Date parsing utilities

Ambiguous dates are parsed as day first D/M/Y where there are values in front of the year and day last Y/M/D where there are values after the year.

Examples:

# Parse dates
assert parse_date("20/02/2013") == datetime(2013, 2, 20, 0, 0)
assert parse_date("20/02/2013", "%d/%m/%Y") == datetime(2013, 2, 20, 0, 0)

# Parse date ranges
parse_date_range("20/02/2013")
# == datetime(2013, 2, 20, 0, 0), datetime(2013, 2, 20, 0, 0)
parse_date_range("20/02/2013 10:00:00")
# == datetime(2013, 2, 20, 10, 0), datetime(2013, 2, 20, 10, 0)
parse_date_range("20/02/2013 10:00:00", zero_time=True)
# == datetime(2013, 2, 20, 0, 0), datetime(2013, 2, 20, 0, 0)
parse_date_range("20/02/2013", "%d/%m/%Y")
# == datetime(2013, 2, 20, 0, 0), datetime(2013, 2, 20, 0, 0)
parse_date_range("02/2013")
# == datetime(2013, 2, 1, 0, 0), datetime(2013, 2, 28, 0, 0)
parse_date_range("2013")
# == datetime(2013, 1, 1, 0, 0), datetime(2013, 12, 31, 0, 0)

# Pass dict in fuzzy activates fuzzy matching that allows for looking for dates within a sentence
fuzzy = dict()
parse_date_range("date is 20/02/2013 for this test", fuzzy=fuzzy)
# == datetime(2013, 2, 20, 0, 0), datetime(2013, 2, 20, 0, 0)    
assert fuzzy == {"startdate": datetime(2013, 2, 20, 0, 0), "enddate": datetime(2013, 2, 20, 0, 0), 
                 "nondate": ("date is ", " for this test"), "date": ("20/02/2013",)}
fuzzy = dict()
parse_date_range("date is 02/2013 for this test", fuzzy=fuzzy)
# == datetime(2013, 2, 1, 0, 0), datetime(2013, 2, 28, 0, 0)
assert fuzzy == {"startdate": datetime(2013, 2, 1, 0, 0), "enddate": datetime(2013, 2, 28, 0, 0), 
                 "nondate": ("date is ", " for this test"), "date": ("02/2013",)}

Text processing

Examples:

a = "The quick brown fox jumped over the lazy dog. It was so fast!"

# Remove whitespace and punctuation from end of string
assert remove_end_characters('lalala,.,"') == "lalala"
assert remove_end_characters('lalala, .\t/,"', f"{punctuation}{whitespace}" == "lalala"

# Remove list of items from end of string, stripping any whitespace
result = remove_from_end(a, ["fast!", "so"], "Transforming %s -> %s")
assert result == "The quick brown fox jumped over the lazy dog. It was"

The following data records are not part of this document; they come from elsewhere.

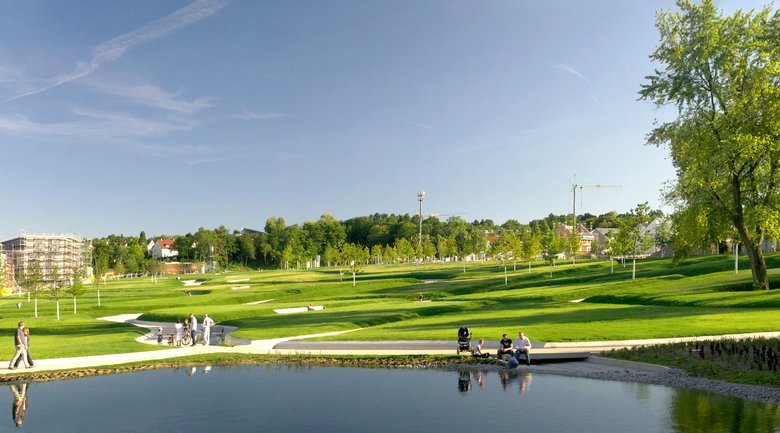 Feuerbacher Heide – Die Feuerbacher Heide bleibt in ihrem Charakter als offene Landschaft erhalten. Die Hügel werden hier in reduzierter Form ausgebildet. Ein großer Teil der Stellplätze für den Tennisclub und Besucher des Parks werden beibehalten.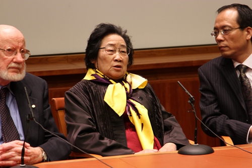 刚刚落座的屠呦呦显得很疲倦,但回答了几个问题后,就恢复了精神。现场记者明显对她充满好奇,大多数人都会向她提问,翻译不断轻拍她的手臂提醒她慢点回答,她还倔强地推开他的手。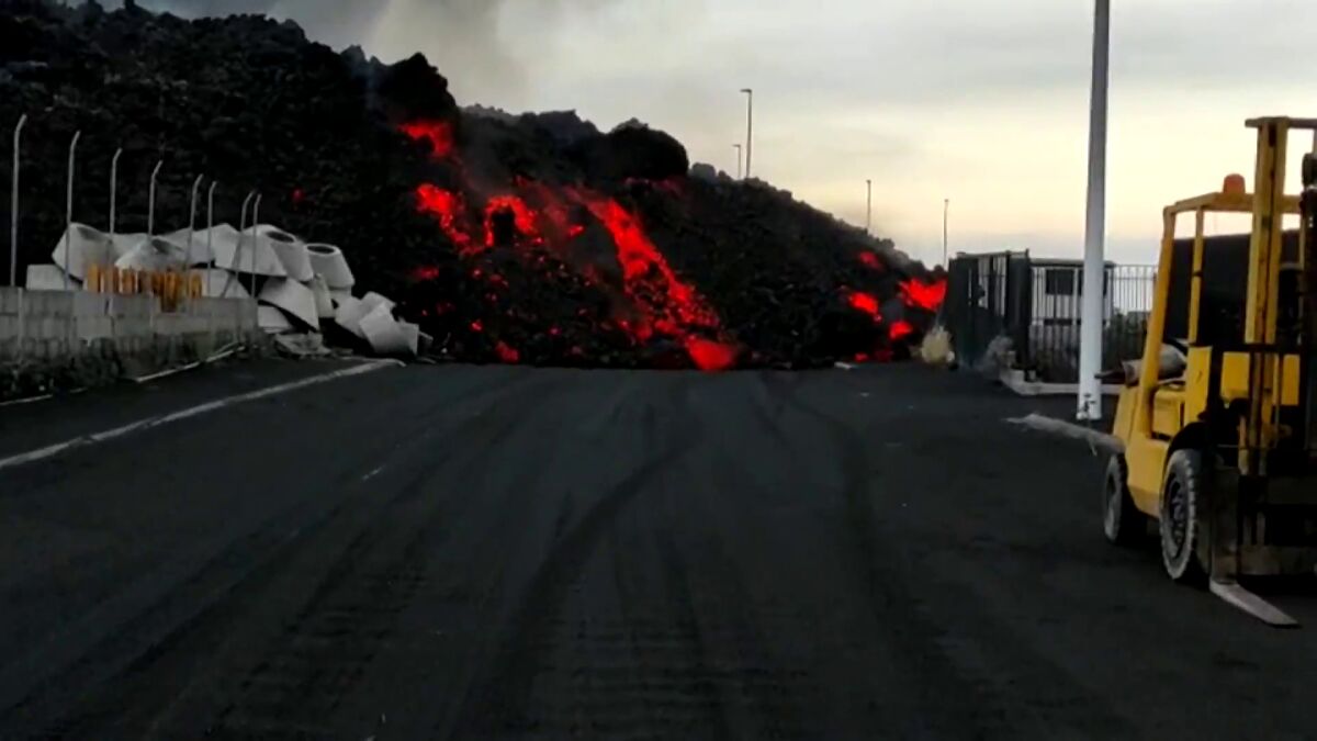 La lava del volcán de La Palma arrasa el polígono industrial de Los Llanos de Aridane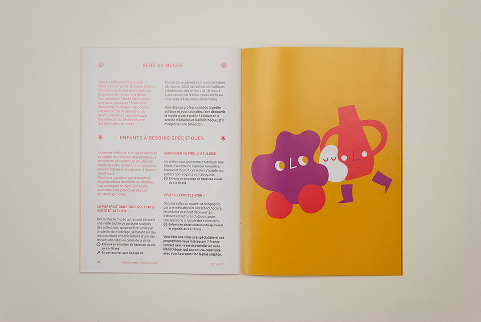 Livret d'activités 2019-2020 Conception graphique et illustrations du livret d'activités pédagogiques du musée — brochure (24 p., 15 × 21 cm), 2019 — Musée d'art et archéologie, Valence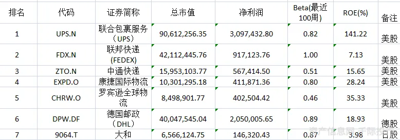 图 全球物流快递上市公司

# Remove string from another string and delete any preceding end characters - by default 
# punctuation (eg. comma) and any whitespace following the punctuation
assert remove_string("lala, 01/02/2020 ", "01/02/2020") == "lala "
assert remove_string("lala,(01/02/2020) ", "01/02/2020") == "lala) "
assert remove_string("lala, 01/02/2020 ", "01/02/2020", PUNCTUATION_MINUS_BRACKETS) == "lala "
assert remove_string("lala,(01/02/2020) ", "01/02/2020", PUNCTUATION_MINUS_BRACKETS) == "lala,() "

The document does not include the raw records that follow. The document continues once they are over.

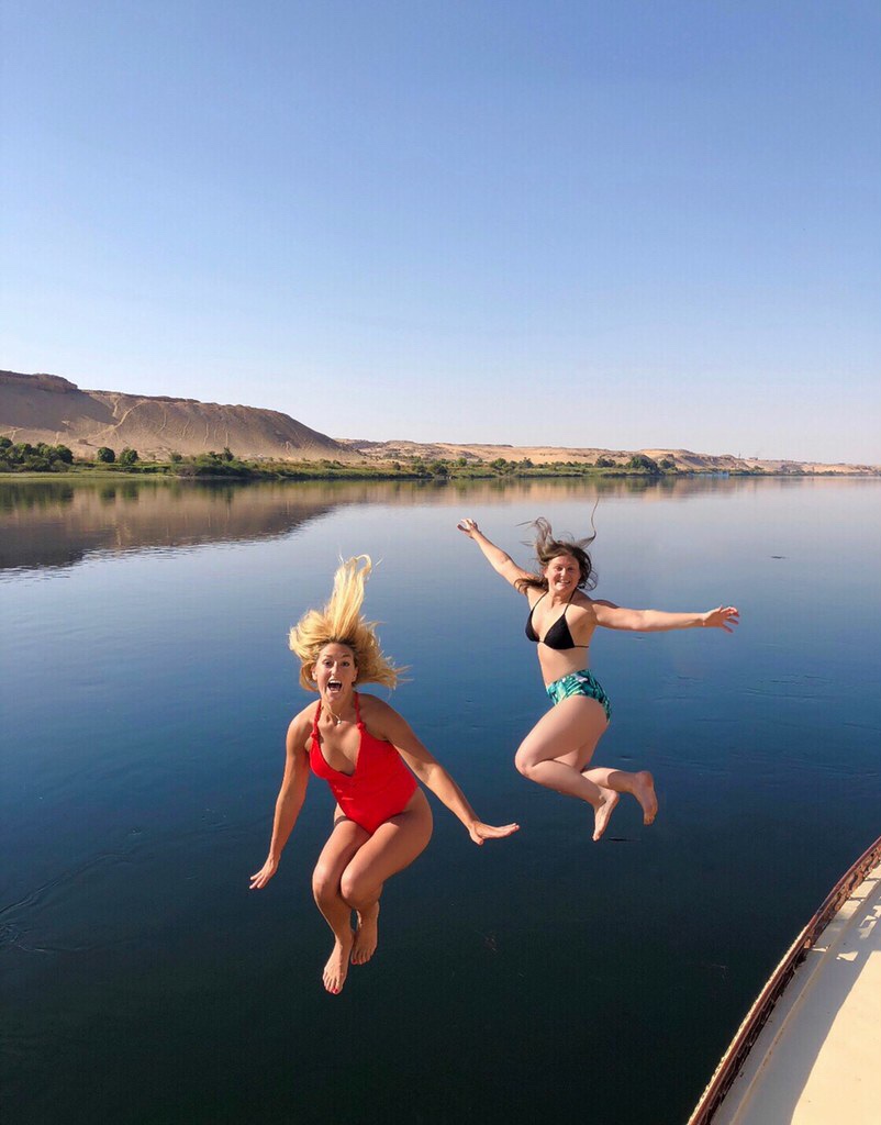 One of my favorite experiences of the entire trip was being on a boat. Not just any boat, but a felucca, a traditional sailboat in Egypt. It’s all open air and the main floor was filled with mattresses stacked side by side and pillows against the windows. It was basically a giant sleepover. AND they stocked the boat with beer and wine that we had ordered. So I got to sunbath on the rooftop of a sailboat drinking a beer while sailing on the Nile River. Then we got to swim in the Nile. I know, I know… but Upper Egypt (it’s actually the south, but is referred to as Upper because of the flow of the Nile) is where the Nile starts and is the freshest, and supposedly there were no crocodiles. Either way, we jumped right in and swam around in the year round freezing water. Family style dinner on the rooftop was finished off with card games and then a bonfire and our crew playing the drums and teaching us dances. Then Monique played drill sergeant, got us in line, and we thought them some dances 😂. A giant sleepover with my girlfriends on the Nile River… it was a dang good day.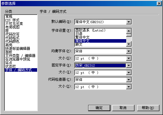 查看参数设置里的Font/Encoding中的代码字体设置是不是被自动选择了其它字体。你说有个框。比如文鼎习字体. 改为宋体即可.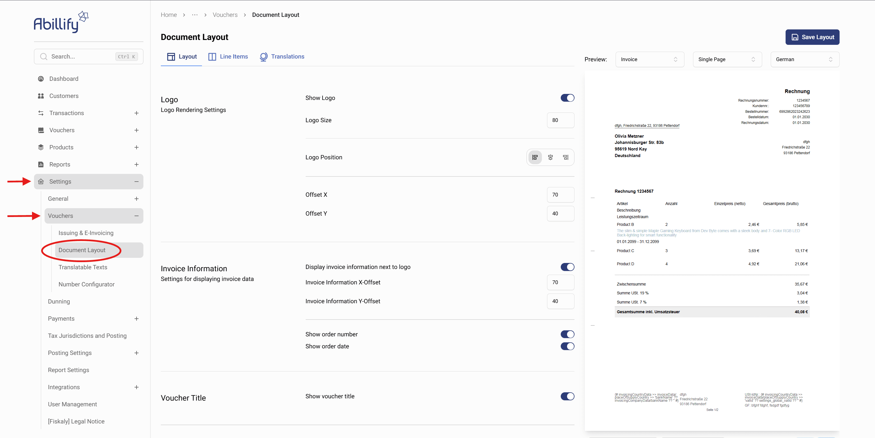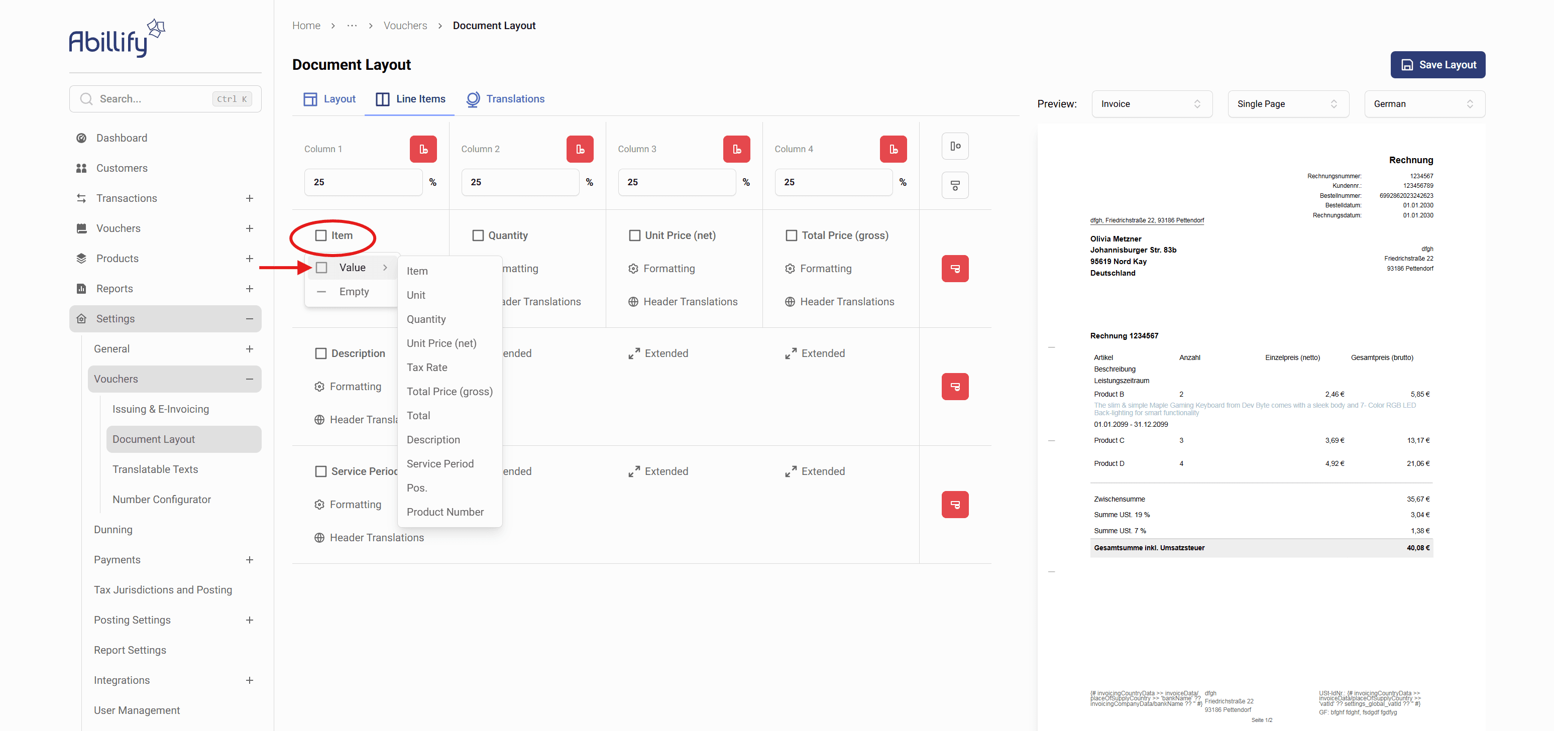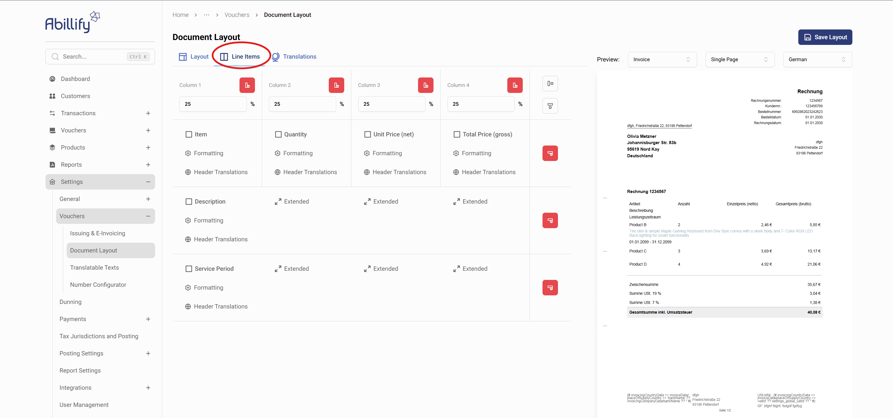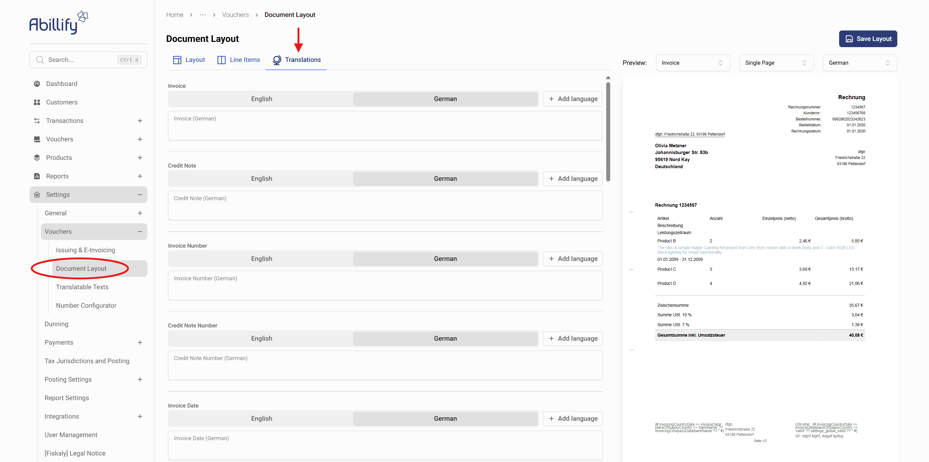 Define how invoices should look, be numbered, translated, and issued. - Invoice Creation

# Replace multiple strings in a string simultaneously
result = multiple_replace(a, {"quick": "slow", "fast": "slow", "lazy": "busy"})
assert result == "The slow brown fox jumped over the busy dog. It was so slow!"

# Extract words from a string sentence into a list
result = get_words_in_sentence("Korea (Democratic People's Republic of)")
assert result == ["Korea", "Democratic", "People's", "Republic", "of"]

# Find matching text in strings
a = "The quick brown fox jumped over the lazy dog. It was so fast!"
b = "The quicker brown fox leapt over the slower fox. It was so fast!"
c = "The quick brown fox climbed over the lazy dog. It was so fast!"
result = get_matching_text([a, b, c], match_min_size=10)
assert result == " brown fox  over the  It was so fast!"

# Search a string for each of a list of strings and return the earliest index
assert earliest_index(a, ["dog", "lala", "fox", "haha", "quick"]) == 4

Encoding utilities

Examples:

# Base 64 encode and decode string
a = "The quick brown fox jumped over the lazy dog. It was so fast!"
b = str_to_base64(a)
c = base64_to_str(b)

Valid UUID

Examples:

assert is_valid_uuid("jpsmith") is False
assert is_valid_uuid("c9bf9e57-1685-4c89-bafb-ff5af830be8a") is True

Easy building and packaging

The pyproject.toml, setup.cfg, .readthedocs.yml and GitHub Actions workflows provide a template that can be used by other projects or libraries.